───── Input material

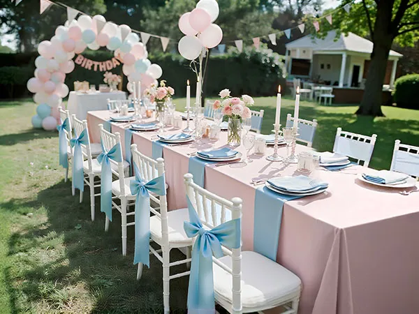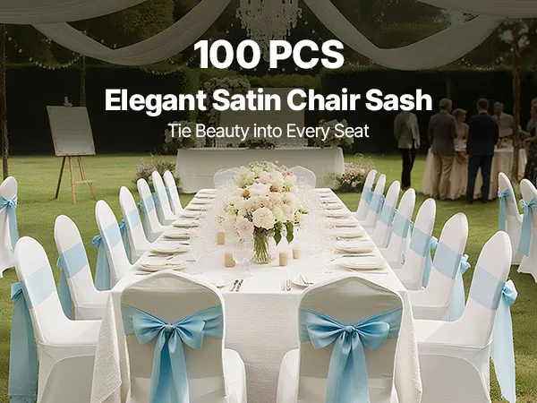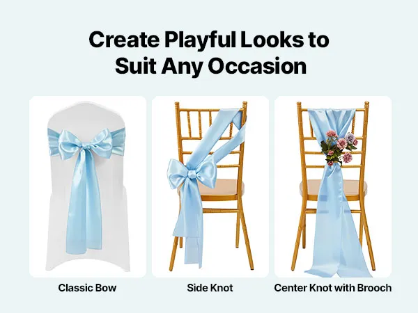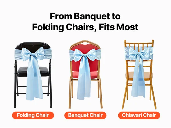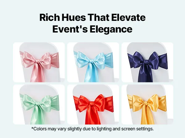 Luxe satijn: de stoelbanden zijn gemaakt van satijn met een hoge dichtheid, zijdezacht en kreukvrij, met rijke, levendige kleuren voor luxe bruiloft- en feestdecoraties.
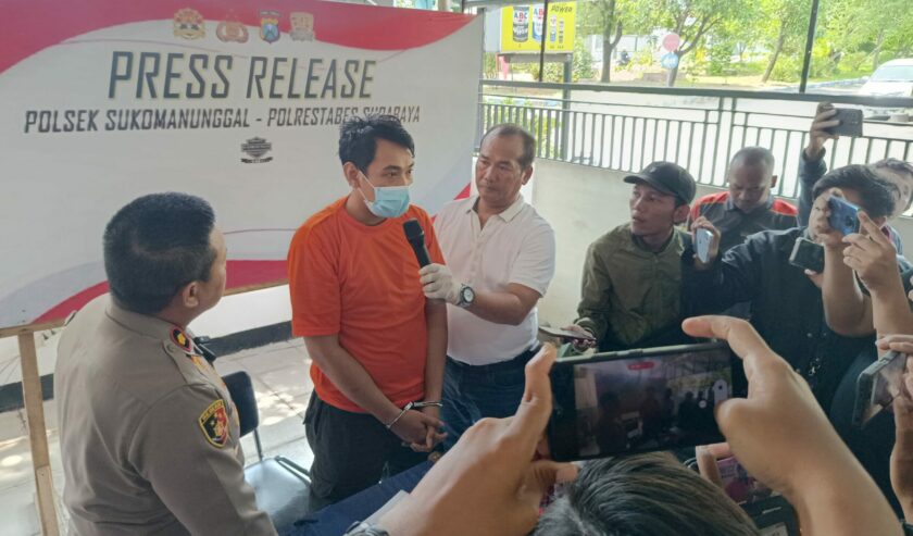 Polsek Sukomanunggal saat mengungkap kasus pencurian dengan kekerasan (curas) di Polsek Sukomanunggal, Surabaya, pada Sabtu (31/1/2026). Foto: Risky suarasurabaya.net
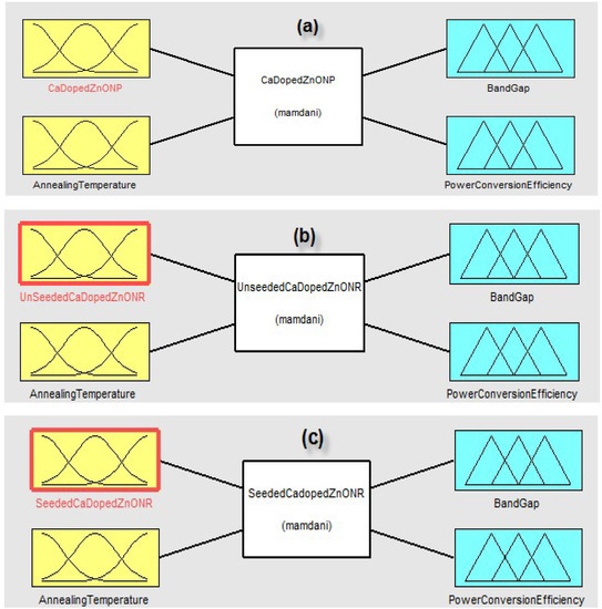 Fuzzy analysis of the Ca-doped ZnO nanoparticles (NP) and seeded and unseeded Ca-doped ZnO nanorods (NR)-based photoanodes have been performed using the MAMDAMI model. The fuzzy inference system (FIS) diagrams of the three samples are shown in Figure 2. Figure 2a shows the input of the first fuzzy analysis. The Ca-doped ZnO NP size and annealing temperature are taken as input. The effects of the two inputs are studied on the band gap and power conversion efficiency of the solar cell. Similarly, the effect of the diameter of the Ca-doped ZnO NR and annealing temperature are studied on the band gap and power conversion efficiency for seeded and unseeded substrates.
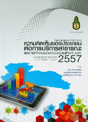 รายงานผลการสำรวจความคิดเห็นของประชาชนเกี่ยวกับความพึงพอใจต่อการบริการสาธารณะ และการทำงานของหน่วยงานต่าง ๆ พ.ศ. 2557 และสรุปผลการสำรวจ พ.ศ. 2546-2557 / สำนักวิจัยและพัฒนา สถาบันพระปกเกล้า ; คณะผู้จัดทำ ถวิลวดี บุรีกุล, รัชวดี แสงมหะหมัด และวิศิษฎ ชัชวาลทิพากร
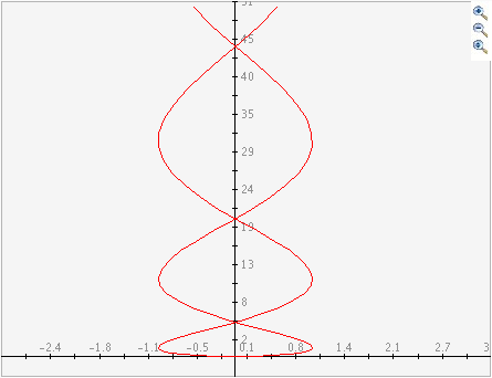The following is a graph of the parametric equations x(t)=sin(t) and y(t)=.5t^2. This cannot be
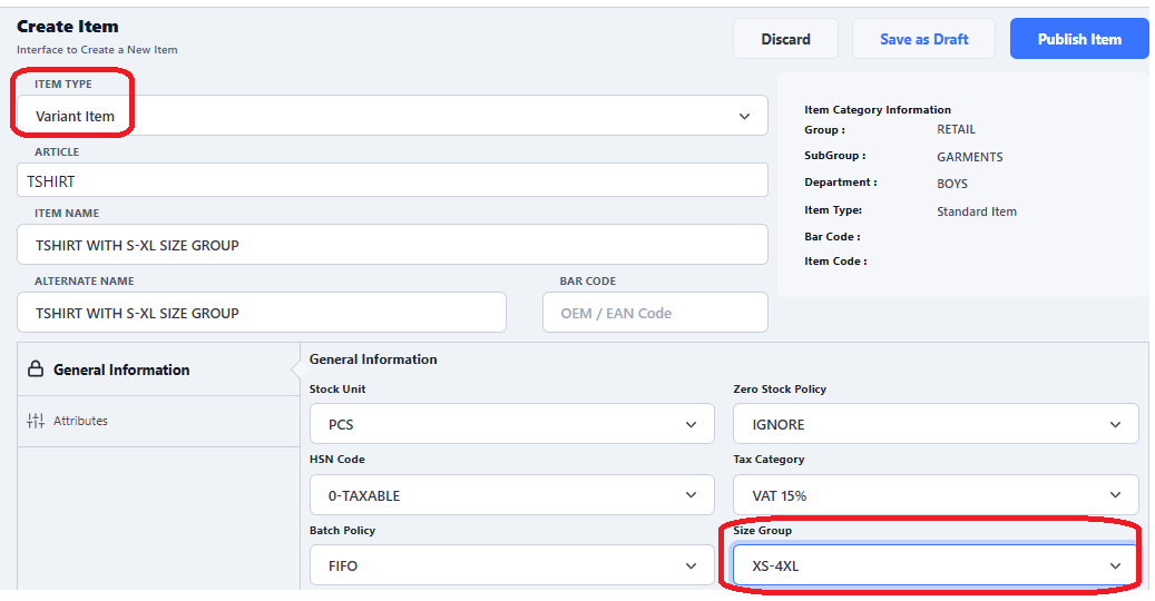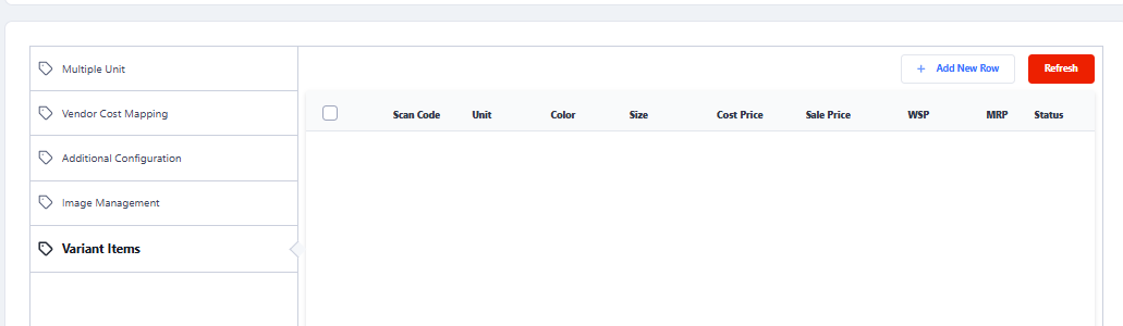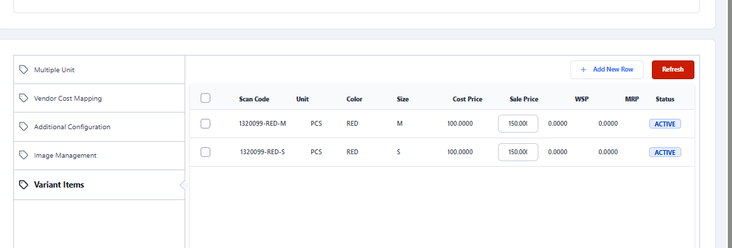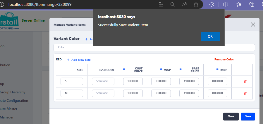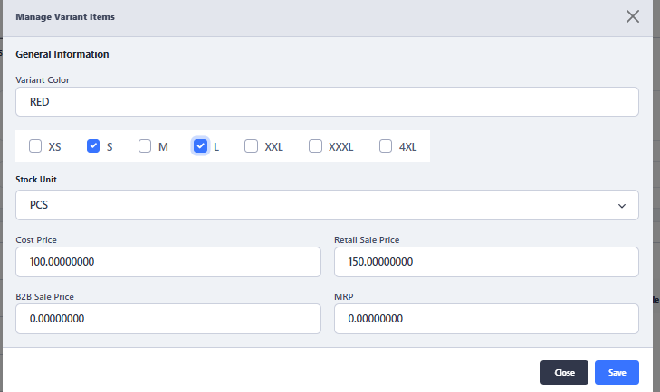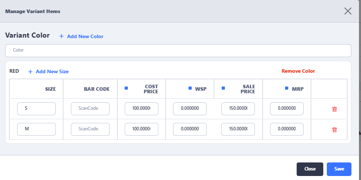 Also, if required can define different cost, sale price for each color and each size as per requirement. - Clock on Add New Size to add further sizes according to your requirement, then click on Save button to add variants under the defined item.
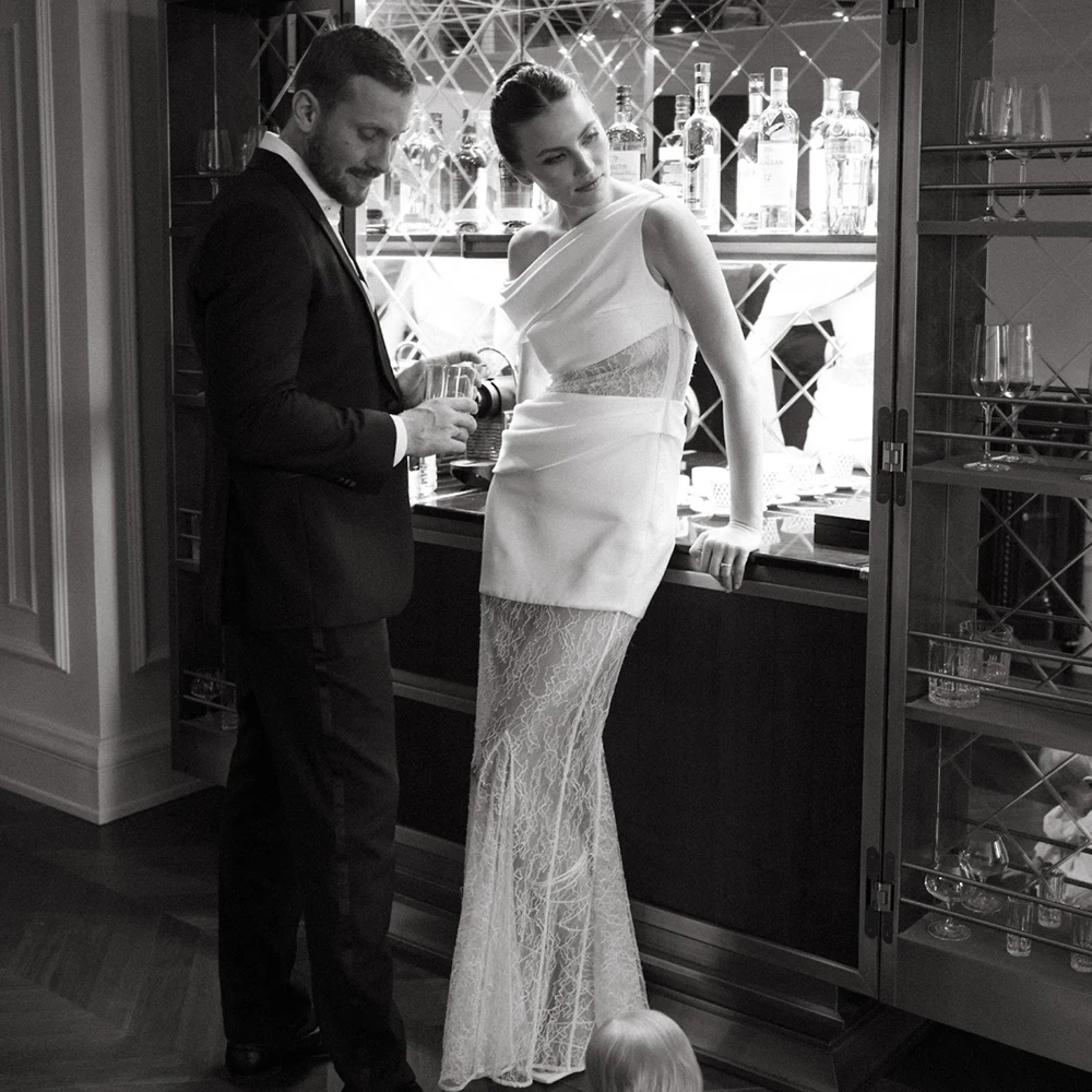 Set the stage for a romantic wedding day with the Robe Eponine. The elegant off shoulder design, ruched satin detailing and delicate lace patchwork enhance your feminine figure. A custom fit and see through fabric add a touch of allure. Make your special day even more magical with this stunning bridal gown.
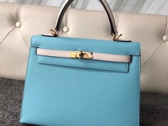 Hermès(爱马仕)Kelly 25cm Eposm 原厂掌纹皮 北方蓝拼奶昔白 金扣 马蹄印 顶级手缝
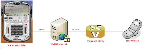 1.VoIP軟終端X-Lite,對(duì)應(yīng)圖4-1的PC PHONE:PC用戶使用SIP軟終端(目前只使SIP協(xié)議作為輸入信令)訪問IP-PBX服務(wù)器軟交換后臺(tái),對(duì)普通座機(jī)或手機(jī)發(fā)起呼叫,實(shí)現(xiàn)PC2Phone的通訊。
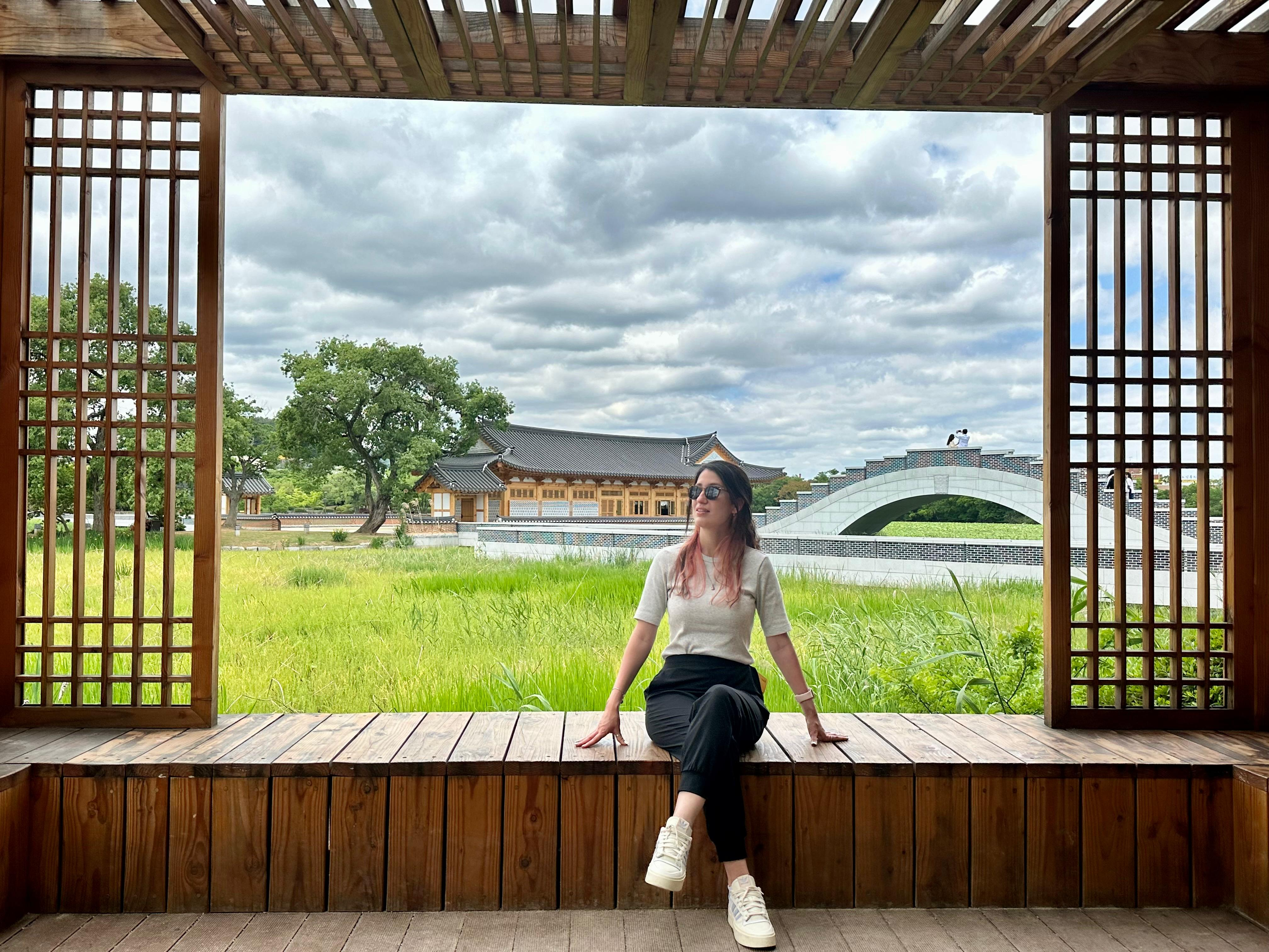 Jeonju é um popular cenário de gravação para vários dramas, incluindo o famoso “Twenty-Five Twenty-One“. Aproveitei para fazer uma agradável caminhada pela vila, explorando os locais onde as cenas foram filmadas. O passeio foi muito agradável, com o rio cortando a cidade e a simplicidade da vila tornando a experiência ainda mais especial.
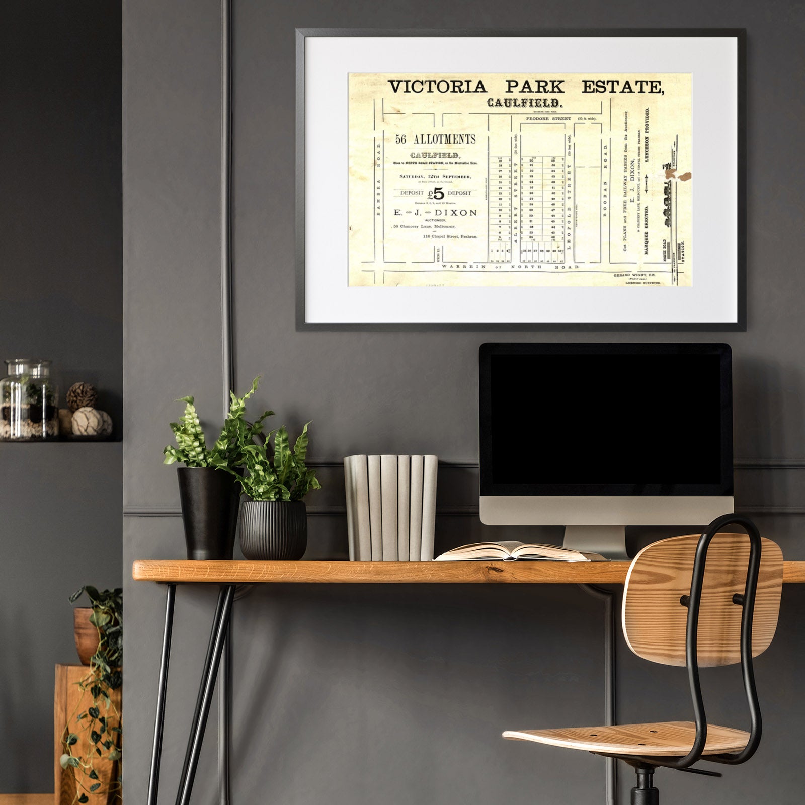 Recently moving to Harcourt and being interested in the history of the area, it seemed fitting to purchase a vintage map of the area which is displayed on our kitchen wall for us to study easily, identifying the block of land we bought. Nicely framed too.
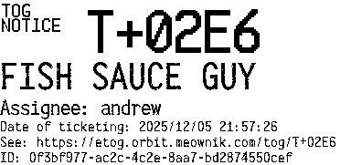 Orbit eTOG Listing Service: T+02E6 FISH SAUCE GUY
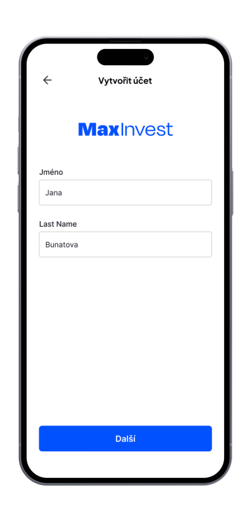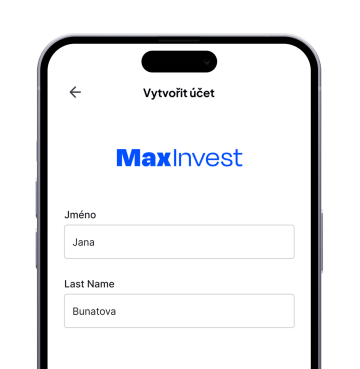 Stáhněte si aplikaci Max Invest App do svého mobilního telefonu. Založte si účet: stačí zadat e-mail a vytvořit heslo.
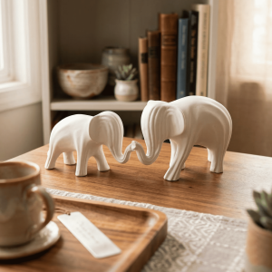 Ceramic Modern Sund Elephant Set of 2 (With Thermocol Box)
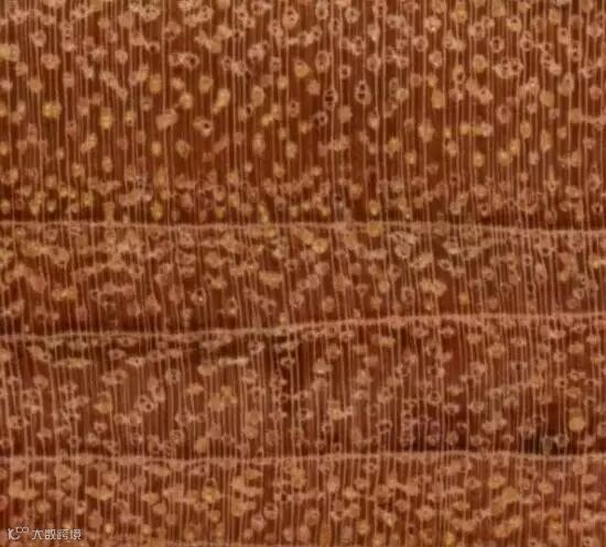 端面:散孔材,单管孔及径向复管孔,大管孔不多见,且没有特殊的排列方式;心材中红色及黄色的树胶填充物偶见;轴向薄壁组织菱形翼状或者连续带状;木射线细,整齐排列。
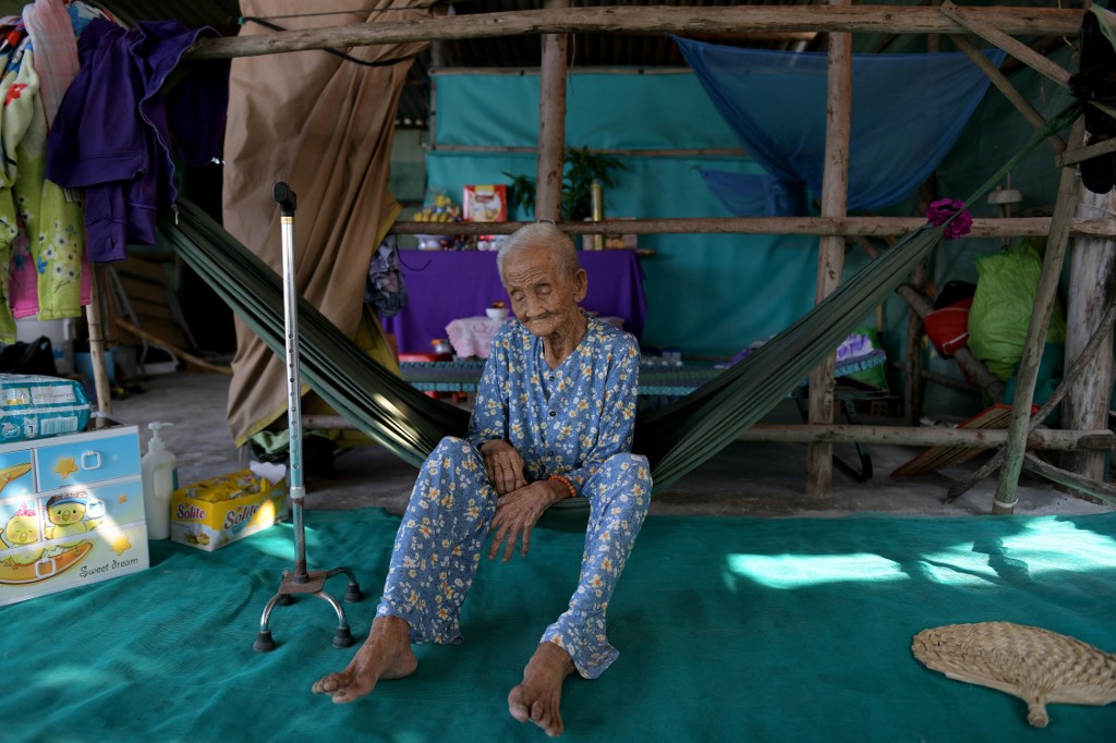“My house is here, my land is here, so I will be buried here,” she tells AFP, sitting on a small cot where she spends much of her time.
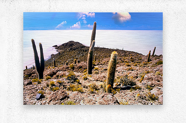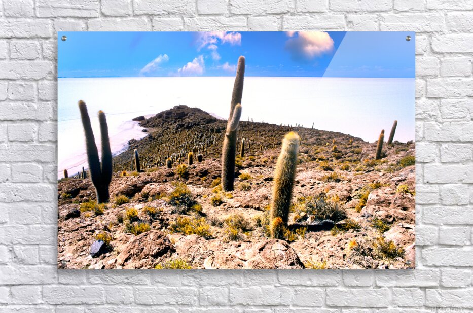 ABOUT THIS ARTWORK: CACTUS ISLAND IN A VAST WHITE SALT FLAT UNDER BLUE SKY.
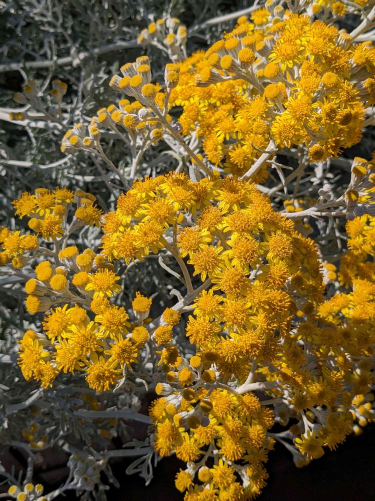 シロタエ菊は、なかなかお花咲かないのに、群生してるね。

──────────

## Exercise goal
Without any pictures, print the whole listing again exactly as it stands.

## Solution for this exercise
 Luxe satijn: de stoelbanden zijn gemaakt van satijn met een hoge dichtheid, zijdezacht en kreukvrij, met rijke, levendige kleuren voor luxe bruiloft- en feestdecoraties.
 Polsek Sukomanunggal saat mengungkap kasus pencurian dengan kekerasan (curas) di Polsek Sukomanunggal, Surabaya, pada Sabtu (31/1/2026). Foto: Risky suarasurabaya.net
 Fuzzy analysis of the Ca-doped ZnO nanoparticles (NP) and seeded and unseeded Ca-doped ZnO nanorods (NR)-based photoanodes have been performed using the MAMDAMI model. The fuzzy inference system (FIS) diagrams of the three samples are shown in Figure 2. Figure 2a shows the input of the first fuzzy analysis. The Ca-doped ZnO NP size and annealing temperature are taken as input. The effects of the two inputs are studied on the band gap and power conversion efficiency of the solar cell. Similarly, the effect of the diameter of the Ca-doped ZnO NR and annealing temperature are studied on the band gap and power conversion efficiency for seeded and unseeded substrates.
 รายงานผลการสำรวจความคิดเห็นของประชาชนเกี่ยวกับความพึงพอใจต่อการบริการสาธารณะ และการทำงานของหน่วยงานต่าง ๆ พ.ศ. 2557 และสรุปผลการสำรวจ พ.ศ. 2546-2557 / สำนักวิจัยและพัฒนา สถาบันพระปกเกล้า ; คณะผู้จัดทำ ถวิลวดี บุรีกุล, รัชวดี แสงมหะหมัด และวิศิษฎ ชัชวาลทิพากร
The following is a graph of the parametric equations x(t)=sin(t) and y(t)=.5t^2. This cannot be
 Also, if required can define different cost, sale price for each color and each size as per requirement. - Clock on Add New Size to add further sizes according to your requirement, then click on Save button to add variants under the defined item.
 Set the stage for a romantic wedding day with the Robe Eponine. The elegant off shoulder design, ruched satin detailing and delicate lace patchwork enhance your feminine figure. A custom fit and see through fabric add a touch of allure. Make your special day even more magical with this stunning bridal gown.
 Hermès(爱马仕)Kelly 25cm Eposm 原厂掌纹皮 北方蓝拼奶昔白 金扣 马蹄印 顶级手缝
 1.VoIP軟終端X-Lite,對(duì)應(yīng)圖4-1的PC PHONE:PC用戶使用SIP軟終端(目前只使SIP協(xié)議作為輸入信令)訪問IP-PBX服務(wù)器軟交換后臺(tái),對(duì)普通座機(jī)或手機(jī)發(fā)起呼叫,實(shí)現(xiàn)PC2Phone的通訊。
 Jeonju é um popular cenário de gravação para vários dramas, incluindo o famoso “Twenty-Five Twenty-One“. Aproveitei para fazer uma agradável caminhada pela vila, explorando os locais onde as cenas foram filmadas. O passeio foi muito agradável, com o rio cortando a cidade e a simplicidade da vila tornando a experiência ainda mais especial.
 Recently moving to Harcourt and being interested in the history of the area, it seemed fitting to purchase a vintage map of the area which is displayed on our kitchen wall for us to study easily, identifying the block of land we bought. Nicely framed too.
 Orbit eTOG Listing Service: T+02E6 FISH SAUCE GUY
 Stáhněte si aplikaci Max Invest App do svého mobilního telefonu. Založte si účet: stačí zadat e-mail a vytvořit heslo.
 Ceramic Modern Sund Elephant Set of 2 (With Thermocol Box)
 端面:散孔材,单管孔及径向复管孔,大管孔不多见,且没有特殊的排列方式;心材中红色及黄色的树胶填充物偶见;轴向薄壁组织菱形翼状或者连续带状;木射线细,整齐排列。
“My house is here, my land is here, so I will be buried here,” she tells AFP, sitting on a small cot where she spends much of her time.
 ABOUT THIS ARTWORK: CACTUS ISLAND IN A VAST WHITE SALT FLAT UNDER BLUE SKY.
 シロタエ菊は、なかなかお花咲かないのに、群生してるね。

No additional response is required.